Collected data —
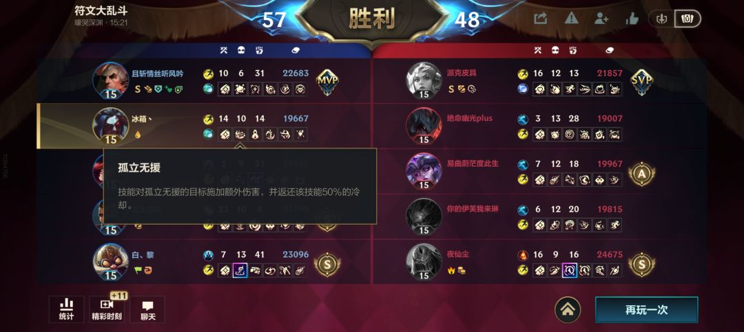 具体是什么原因,我也不敢特别确定,但是我认为大头应该是拿了孤立和全凭身法(大招是位移的英雄有效)。加上我符文里这些减cd的,我最后一次看大招cd好像是20多秒,但是实际情况开完大之后却是10多秒(没触发孤立的情况下)触发孤立之后直接就无限大招了。我也不知道是为什么,按理来说孤立减50%cd应该是从20多秒减到10多秒,不能直接刷新好大招啊
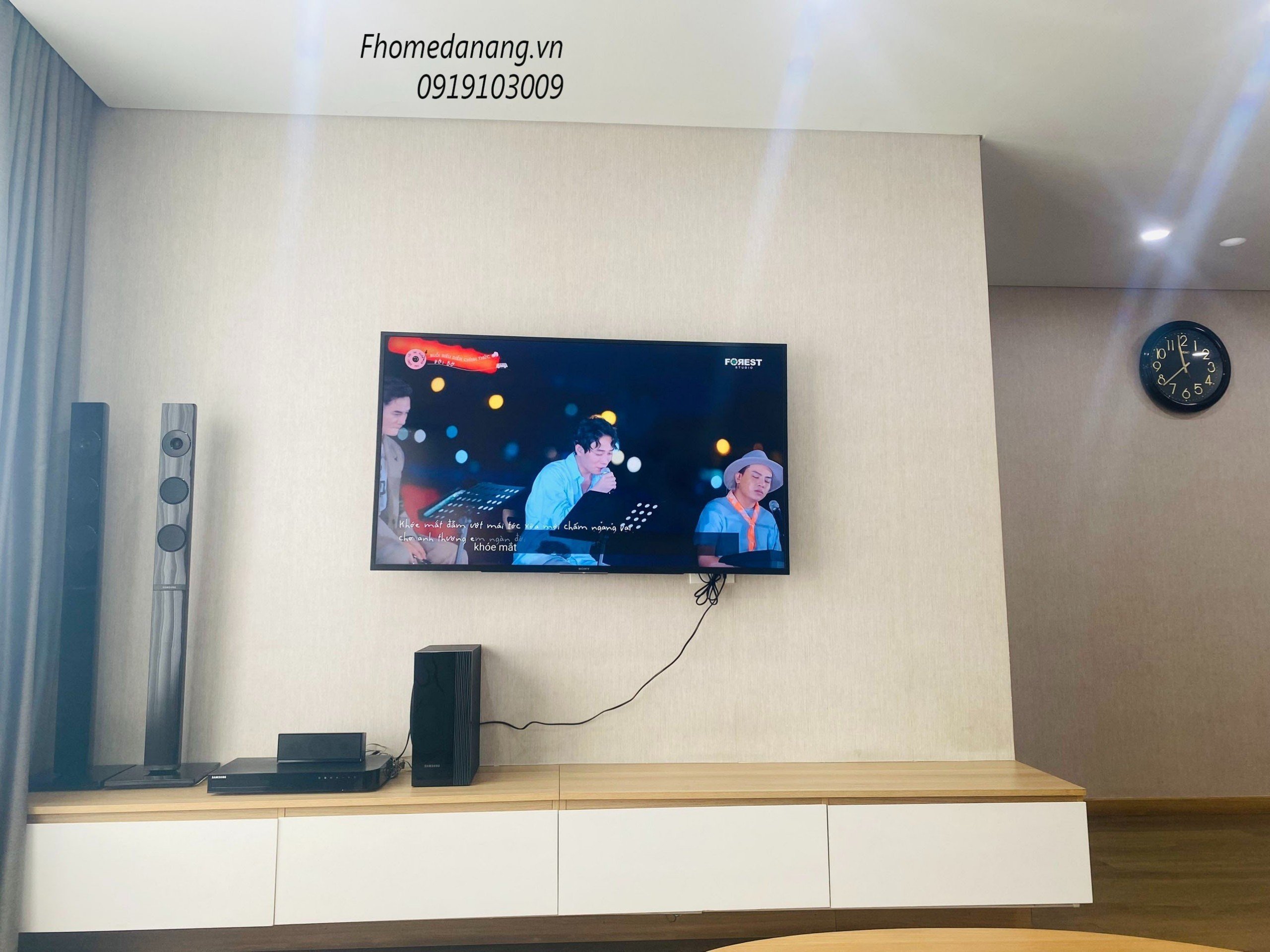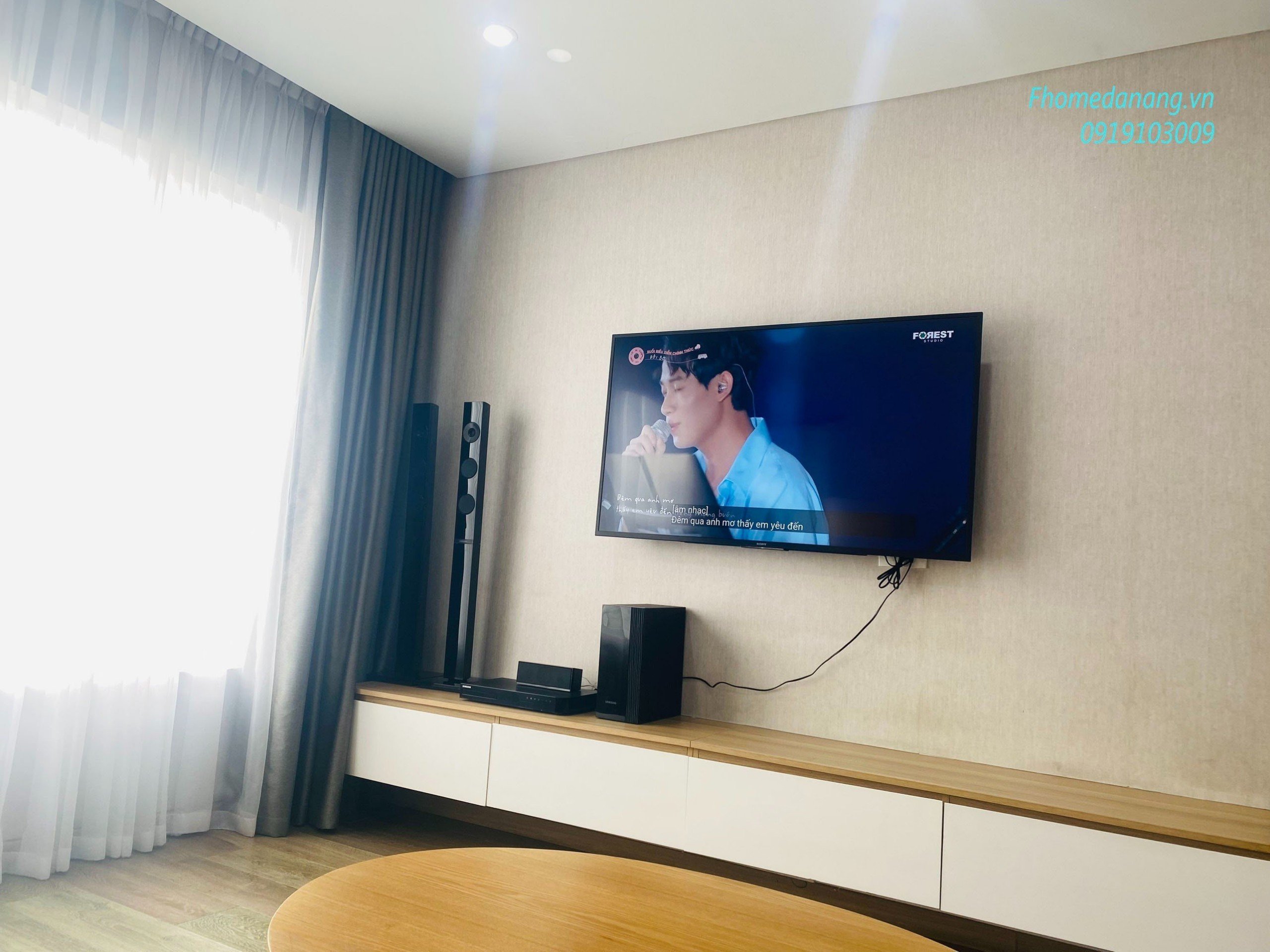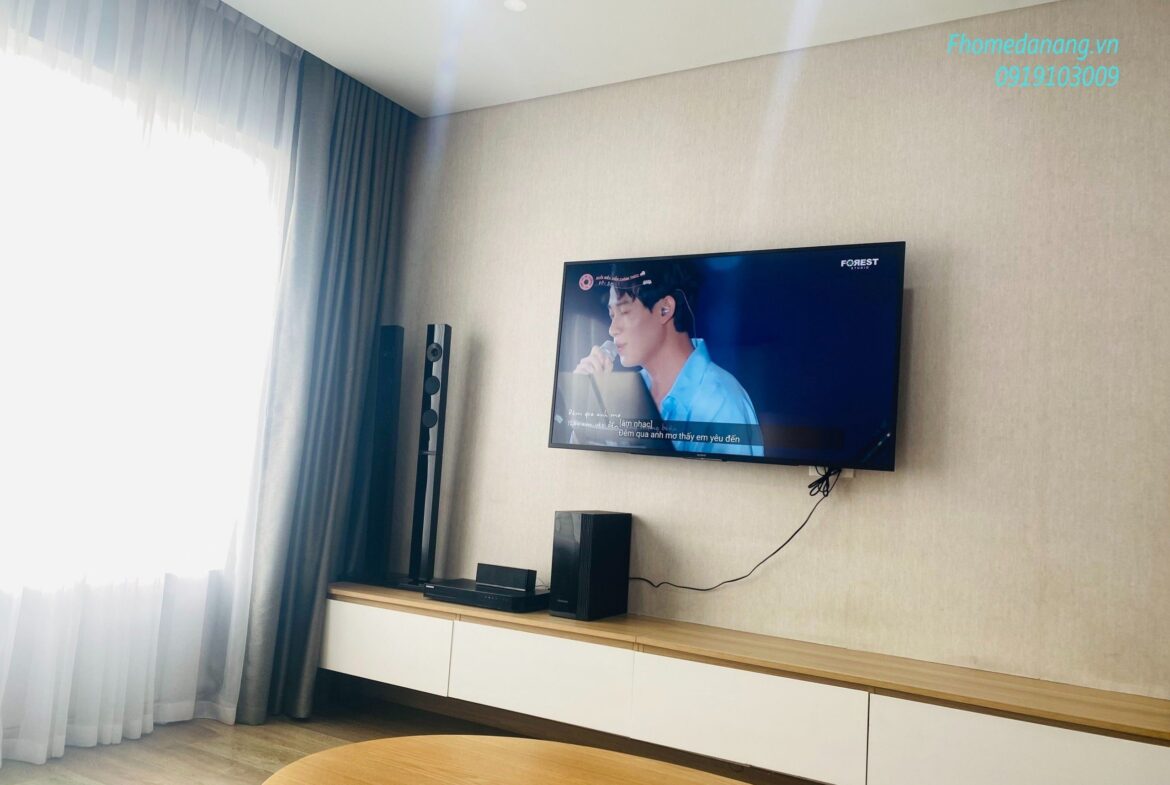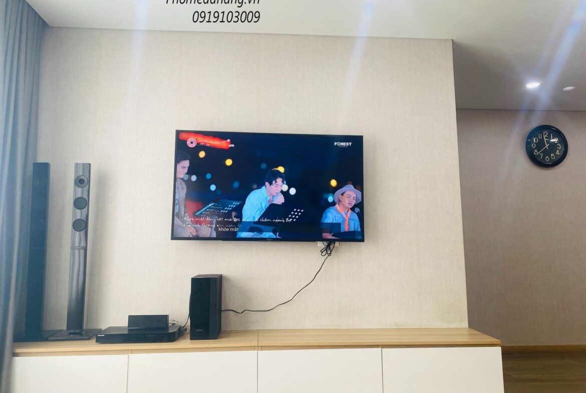 ➖ Phòng khách với hệ thống loa, smart TV 55inch
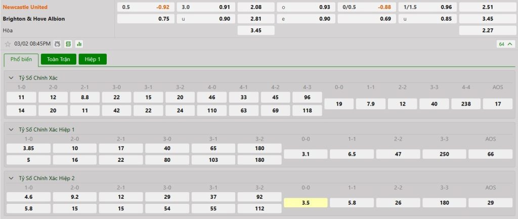 Tỷ lệ kèo cá cược bóng đá trực tuyến trận Newcastle vs Brighton
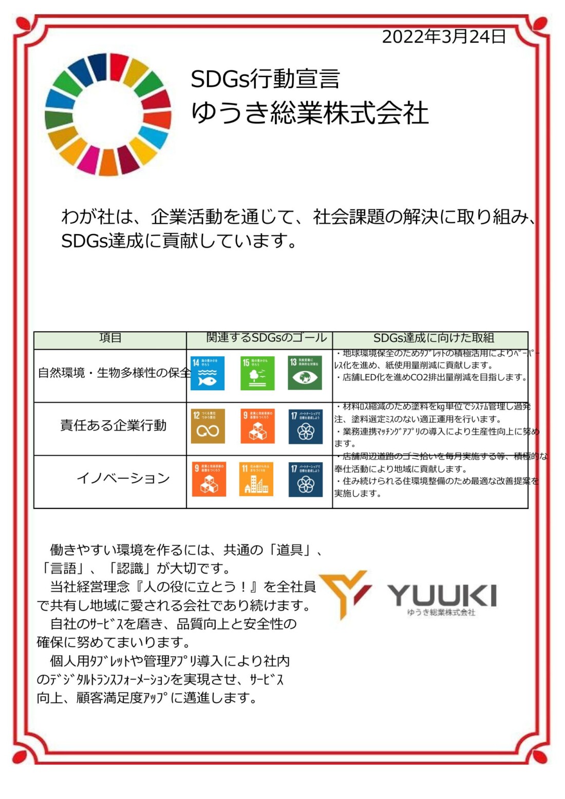 ゆうき総業のSDGsの行動宣言は、山形銀行のホームページも掲載されています。
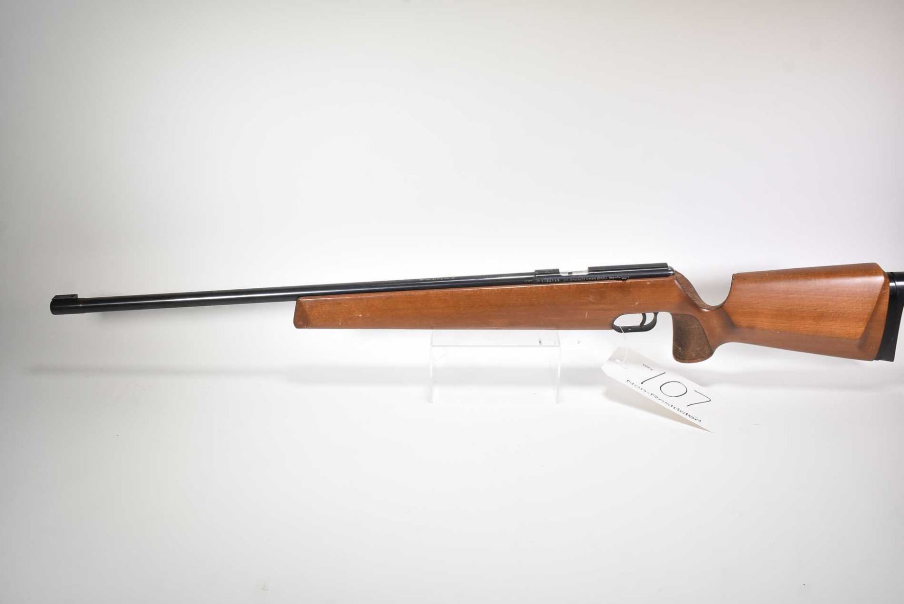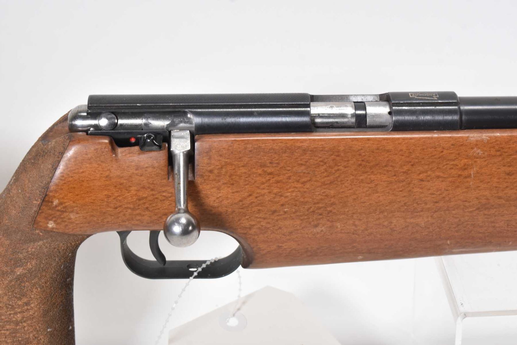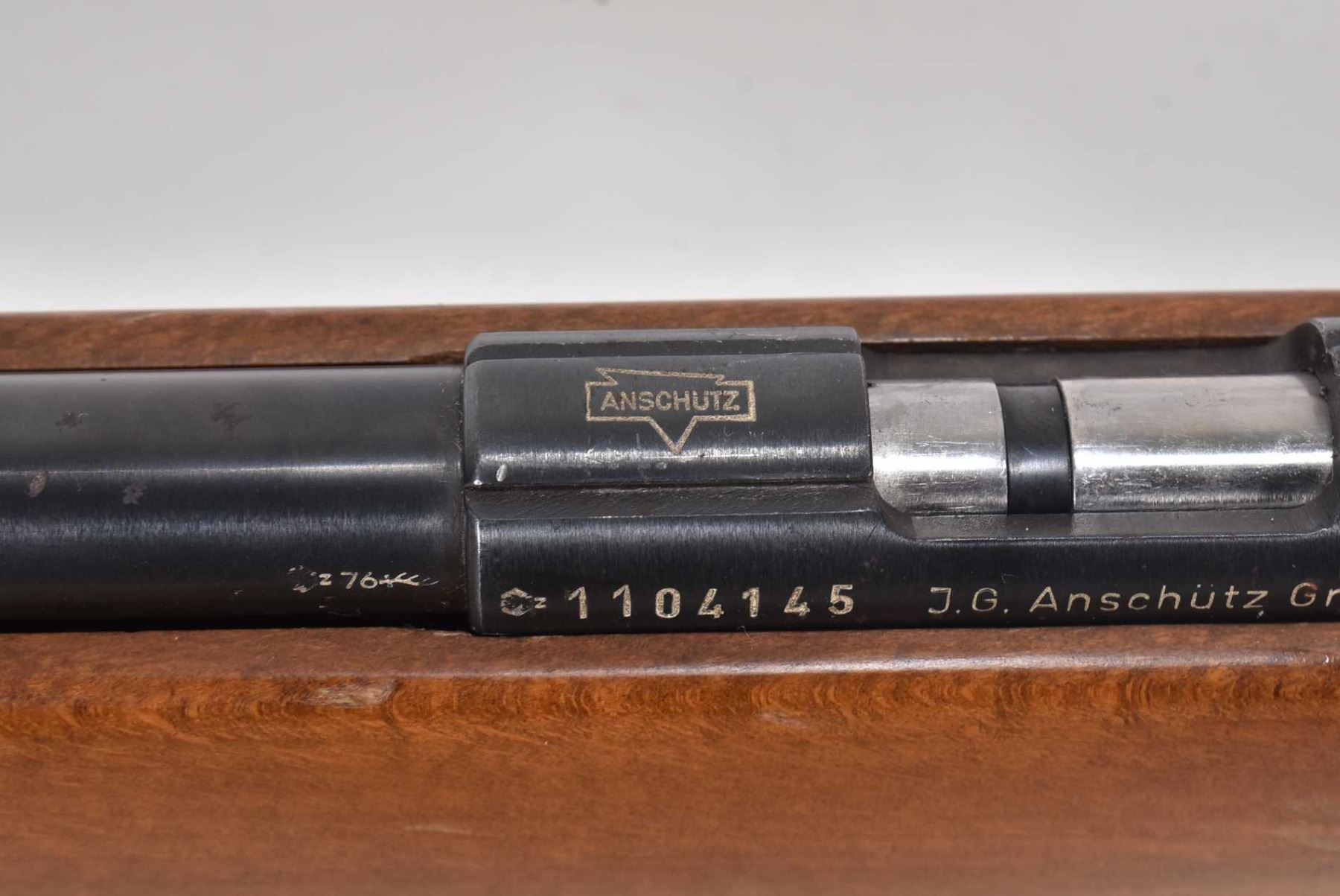 Non-Restricted rifle Anschutz model Match 64, .22 LR single shot bolt action, w/ bbl length 26" [Blued barrel and receiver, no sights, wooden target grip with checkered butt plate. Use handling and storage marks on wood and metal.] serial # 1104145, PAL required

What you will do — Skip the pictures. Return exactly the lines from the one containing "ゆうき総業のSDGsの行動宣言は、山形銀行のホームページも掲載されています。" through the end of the data above, both included, and nothing besides.

Your response —
 ゆうき総業のSDGsの行動宣言は、山形銀行のホームページも掲載されています。
 Non-Restricted rifle Anschutz model Match 64, .22 LR single shot bolt action, w/ bbl length 26" [Blued barrel and receiver, no sights, wooden target grip with checkered butt plate. Use handling and storage marks on wood and metal.] serial # 1104145, PAL required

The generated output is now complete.